### Aim of the task
Below are some records; give them all again exactly, but not the pictures.

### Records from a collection

>>>

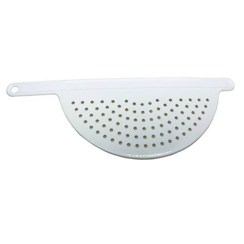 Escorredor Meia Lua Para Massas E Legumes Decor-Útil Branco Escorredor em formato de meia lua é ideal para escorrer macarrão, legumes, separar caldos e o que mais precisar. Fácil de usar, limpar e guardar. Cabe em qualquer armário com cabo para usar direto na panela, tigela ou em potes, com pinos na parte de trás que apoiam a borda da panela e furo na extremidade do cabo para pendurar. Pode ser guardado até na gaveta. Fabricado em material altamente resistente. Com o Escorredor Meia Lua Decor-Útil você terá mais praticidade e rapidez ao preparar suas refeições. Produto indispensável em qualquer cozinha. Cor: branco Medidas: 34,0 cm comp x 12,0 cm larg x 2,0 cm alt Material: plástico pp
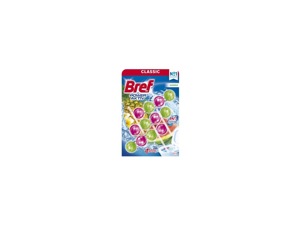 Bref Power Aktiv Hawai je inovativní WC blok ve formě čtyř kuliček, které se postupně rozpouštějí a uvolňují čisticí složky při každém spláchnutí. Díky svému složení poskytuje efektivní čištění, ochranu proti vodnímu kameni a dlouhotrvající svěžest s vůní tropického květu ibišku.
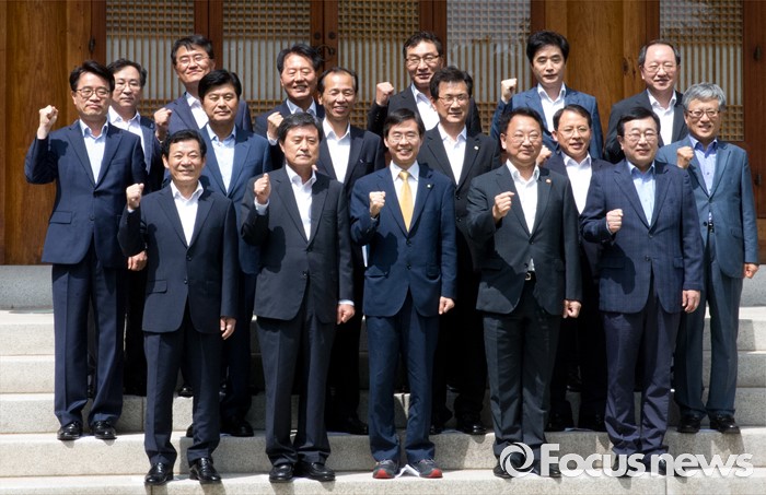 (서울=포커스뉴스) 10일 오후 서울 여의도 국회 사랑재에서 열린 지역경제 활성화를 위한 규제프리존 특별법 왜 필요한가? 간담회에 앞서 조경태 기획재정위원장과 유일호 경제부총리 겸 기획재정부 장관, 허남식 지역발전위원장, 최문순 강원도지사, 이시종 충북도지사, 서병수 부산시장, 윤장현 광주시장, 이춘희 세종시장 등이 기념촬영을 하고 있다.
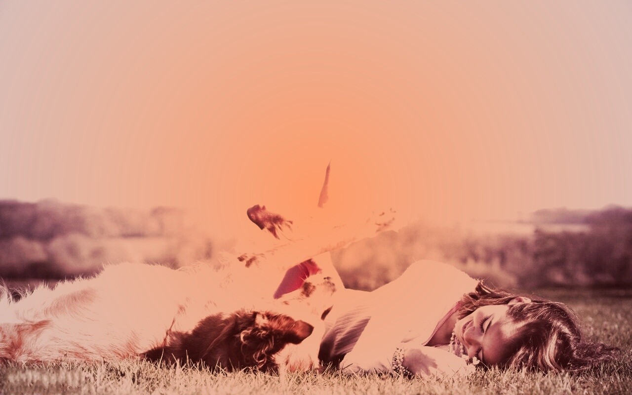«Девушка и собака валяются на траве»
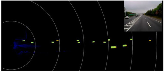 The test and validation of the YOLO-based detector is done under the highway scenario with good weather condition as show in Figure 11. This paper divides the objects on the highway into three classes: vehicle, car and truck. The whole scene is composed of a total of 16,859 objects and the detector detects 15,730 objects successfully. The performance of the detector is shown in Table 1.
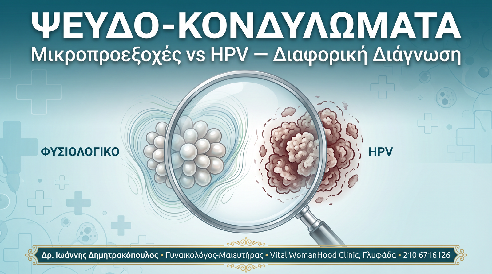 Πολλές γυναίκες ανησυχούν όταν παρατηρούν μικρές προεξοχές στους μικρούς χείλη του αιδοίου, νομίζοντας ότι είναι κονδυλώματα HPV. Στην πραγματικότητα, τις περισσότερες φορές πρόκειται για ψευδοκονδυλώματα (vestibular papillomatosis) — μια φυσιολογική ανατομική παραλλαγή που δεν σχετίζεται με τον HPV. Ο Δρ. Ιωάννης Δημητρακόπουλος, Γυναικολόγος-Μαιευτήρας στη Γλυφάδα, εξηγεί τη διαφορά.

<<<

### Solution to this exercise
 Escorredor Meia Lua Para Massas E Legumes Decor-Útil Branco Escorredor em formato de meia lua é ideal para escorrer macarrão, legumes, separar caldos e o que mais precisar. Fácil de usar, limpar e guardar. Cabe em qualquer armário com cabo para usar direto na panela, tigela ou em potes, com pinos na parte de trás que apoiam a borda da panela e furo na extremidade do cabo para pendurar. Pode ser guardado até na gaveta. Fabricado em material altamente resistente. Com o Escorredor Meia Lua Decor-Útil você terá mais praticidade e rapidez ao preparar suas refeições. Produto indispensável em qualquer cozinha. Cor: branco Medidas: 34,0 cm comp x 12,0 cm larg x 2,0 cm alt Material: plástico pp
 Bref Power Aktiv Hawai je inovativní WC blok ve formě čtyř kuliček, které se postupně rozpouštějí a uvolňují čisticí složky při každém spláchnutí. Díky svému složení poskytuje efektivní čištění, ochranu proti vodnímu kameni a dlouhotrvající svěžest s vůní tropického květu ibišku.
 (서울=포커스뉴스) 10일 오후 서울 여의도 국회 사랑재에서 열린 지역경제 활성화를 위한 규제프리존 특별법 왜 필요한가? 간담회에 앞서 조경태 기획재정위원장과 유일호 경제부총리 겸 기획재정부 장관, 허남식 지역발전위원장, 최문순 강원도지사, 이시종 충북도지사, 서병수 부산시장, 윤장현 광주시장, 이춘희 세종시장 등이 기념촬영을 하고 있다.
«Девушка и собака валяются на траве»
 The test and validation of the YOLO-based detector is done under the highway scenario with good weather condition as show in Figure 11. This paper divides the objects on the highway into three classes: vehicle, car and truck. The whole scene is composed of a total of 16,859 objects and the detector detects 15,730 objects successfully. The performance of the detector is shown in Table 1.
 Πολλές γυναίκες ανησυχούν όταν παρατηρούν μικρές προεξοχές στους μικρούς χείλη του αιδοίου, νομίζοντας ότι είναι κονδυλώματα HPV. Στην πραγματικότητα, τις περισσότερες φορές πρόκειται για ψευδοκονδυλώματα (vestibular papillomatosis) — μια φυσιολογική ανατομική παραλλαγή που δεν σχετίζεται με τον HPV. Ο Δρ. Ιωάννης Δημητρακόπουλος, Γυναικολόγος-Μαιευτήρας στη Γλυφάδα, εξηγεί τη διαφορά.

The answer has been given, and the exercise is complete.